Testing
Testing
Section titled “Testing”Testing is the proof that a progress.json row is complete. The default is
hermetic fixture evidence; live providers and live platforms are optional smoke
checks, not row-local proof.
Use the Completion Lane Roadmap to choose the lane gate for broad changes.
Row-local TDD
Section titled “Row-local TDD”Use gormes-tdd-slice for implementation rows:
- Write one failing public-behavior test.
- Make the smallest implementation pass.
- Repeat vertically inside the same row.
- Refactor only while green.
- Run the row’s
test_commands.
Tests should verify behavior through public interfaces: CLI output, HTTP responses, gateway events, tool schemas/results, memory recall, provider transcripts, or package APIs meant for callers. Avoid tests that only prove a private helper’s current shape unless the row explicitly defines that helper as the public contract.
Baseline layers
Section titled “Baseline layers”Go tests
Section titled “Go tests”go test ./... from the repository root.

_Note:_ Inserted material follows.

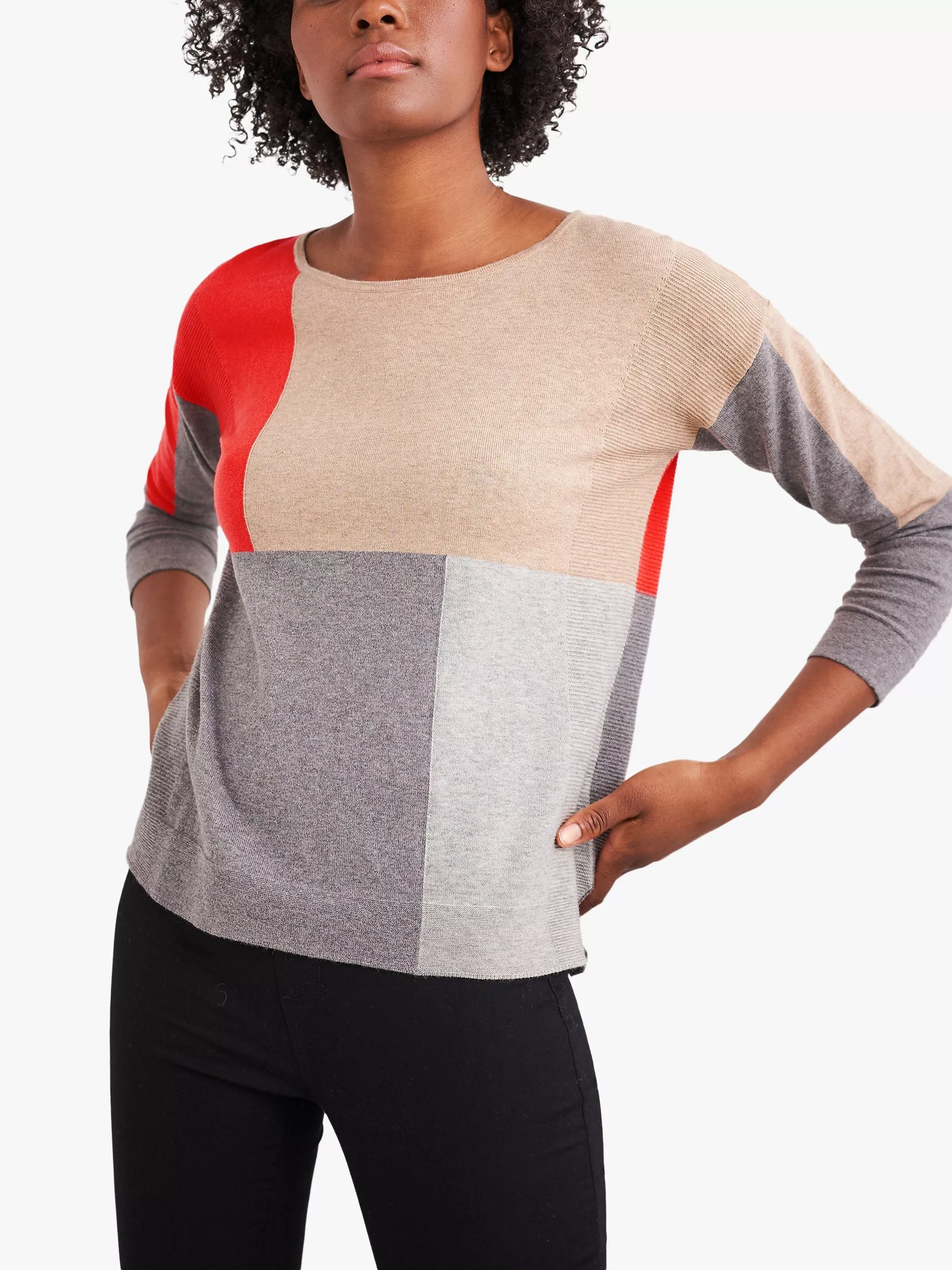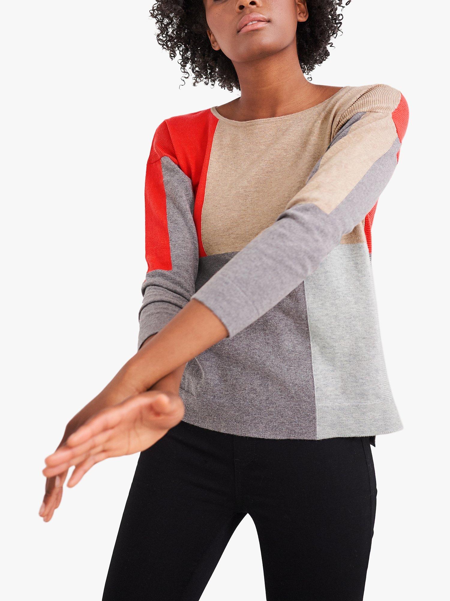 Framed with a sleek neckline, this colour block jumper by White Stuff is cut from cotton inbued with merino wool for warm, yet breathable wear. Designed in a slouchy fit with drop shoulders and rib detail at the cuffs and hem, its perfect for throwing over jeans and brightening up chilly days.

Covers kernel, memory, tools, telegram adapter, session resume. Integration tests are tag-gated:
go test -tags=live ./... # requires local OllamaLanding + docs smoke (Playwright)

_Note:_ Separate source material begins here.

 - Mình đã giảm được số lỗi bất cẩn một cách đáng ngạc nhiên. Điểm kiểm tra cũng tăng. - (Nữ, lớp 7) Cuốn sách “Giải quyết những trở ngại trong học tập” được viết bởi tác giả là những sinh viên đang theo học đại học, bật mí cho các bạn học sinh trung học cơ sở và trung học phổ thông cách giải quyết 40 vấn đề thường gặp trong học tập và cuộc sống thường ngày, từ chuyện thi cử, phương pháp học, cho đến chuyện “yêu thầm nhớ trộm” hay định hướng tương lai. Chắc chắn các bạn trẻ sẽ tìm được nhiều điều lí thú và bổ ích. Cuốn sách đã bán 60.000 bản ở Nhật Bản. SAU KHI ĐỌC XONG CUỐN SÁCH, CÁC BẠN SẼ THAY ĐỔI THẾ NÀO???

Section titled “Landing + docs smoke (Playwright)”npm run test:e2e from www.gormes.ai/ and docs/www-tests/. Parametrized over mobile viewports (320 / 360 / 390 / 430 / 768 / 1024 px). Asserts:
- No horizontal overflow
- Section copy matches the locked strings in
content.go - Starlight navigation, TOC, and prev/next links render on mobile and desktop
Astro/Starlight build
Section titled “Astro/Starlight build”go test ./docs/... -run TestAstroBuild. Shells out to npm run build, verifies generated Starlight pages and redirect aliases, checks for broken internal links, and confirms the canonical progress.json is copied into the static export.
Architecture fixtures
Section titled “Architecture fixtures”Subsystem ports need tests that freeze contracts, not just happy-path code. Borrow these fixture classes from the Hermes and Gormes-owned studies:
- Command registry parity: one registry drives parsing, help text, platform command exposure, aliases, and active-turn policy.
- Provider transcripts: replay request/stream fixtures for text, reasoning, tool-call deltas, finish reasons, usage, and retryable errors.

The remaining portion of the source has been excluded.